Pancreatic cancer is one of the most difficult forms of cancer to treat effectively. Standard courses of chemotherapy drugs often come up short for patients, leading to a dismal 5-year relative survival rate of just 10%. And while the past few years’ transformative breakthroughs in immunotherapy have drastically improved the prognosis for many patients diagnosed with other forms of cancer, most pancreatic cancers have proved frustratingly resistant to immunotherapy alone.
Now, new Phase I results from an ongoing clinical trial suggest that a two-pronged approach combining chemotherapy with an experimental immune-stimulating drug may be a safe and effective new treatment for advanced pancreatic cancer.
Former Damon Runyon Clinical Investigator Robert H. Vonderheide, MD, is one of the leaders of a team of researchers across seven U.S. research centers investigating the use of sotigalimab – a monoclonal antibody that targets CD40 regulators on cells to unleash the immune system’s protective capacities - in pancreatic cancer treatment. “Innovation isn’t optional in pancreatic cancer,” Dr. Vonderheide told the Parker Institute for Cancer Immunotherapy.

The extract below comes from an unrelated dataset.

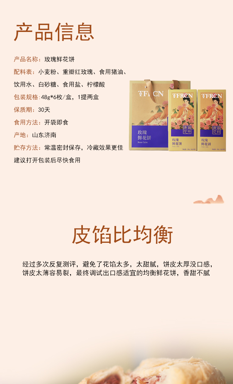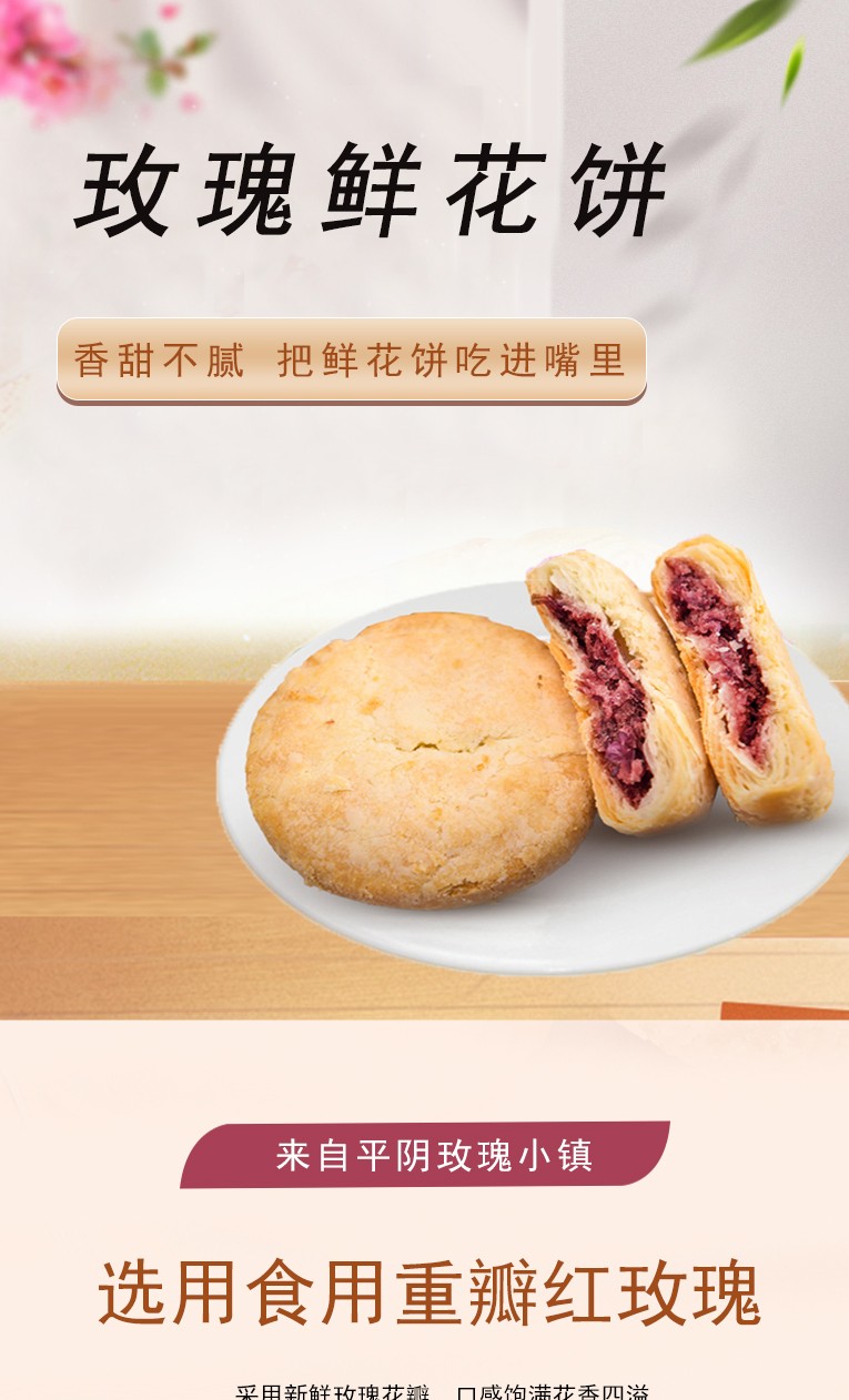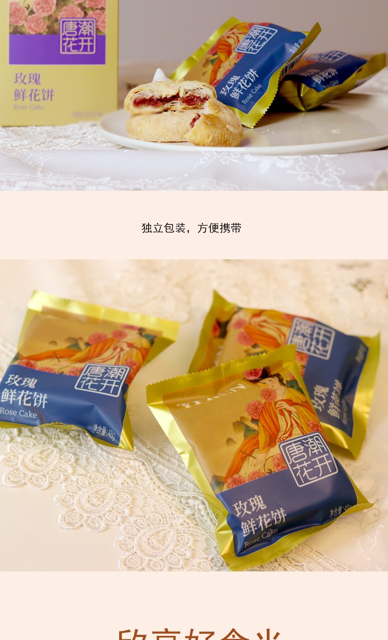 唐潮花開 平陰玫瑰鮮花餅 山東特產(chǎn)傳統(tǒng)香酥中式糕點(diǎn)禮盒

In the study, some participants undergoing standard treatment for advanced pancreatic cancer received sotigalimab along with their chemotherapy. Some patients in these active study cohorts also received nivolumab, a checkpoint inhibitor immunotherapy currently used to treat a variety of metastatic cancers.
Life expectancy for advanced pancreatic cancer treated with chemotherapy alone is less than one year, but the median survival rate for patients treated with sotigalimab was 20 months. 58% of the patients who received the new drug compound, either with or without the presence of the checkpoint inhibitor, saw their tumors shrink.
On the strength of these promising results, the clinical trial has moved into Phase II, where both the sotigalimab and chemotherapy protocol and the triple combination therapy including nivolumab will be investigated among a larger and more diverse group of enrolled patients. Phase II results are expected later this year. If the treatment is confirmed to be safe and effective, the combination of standard chemotherapy and sotigalimab could become the new “gold standard” treatment for metastatic pancreatic cancer and point the way towards other innovative treatment protocols that combine existing drugs and novel immunotherapeutics.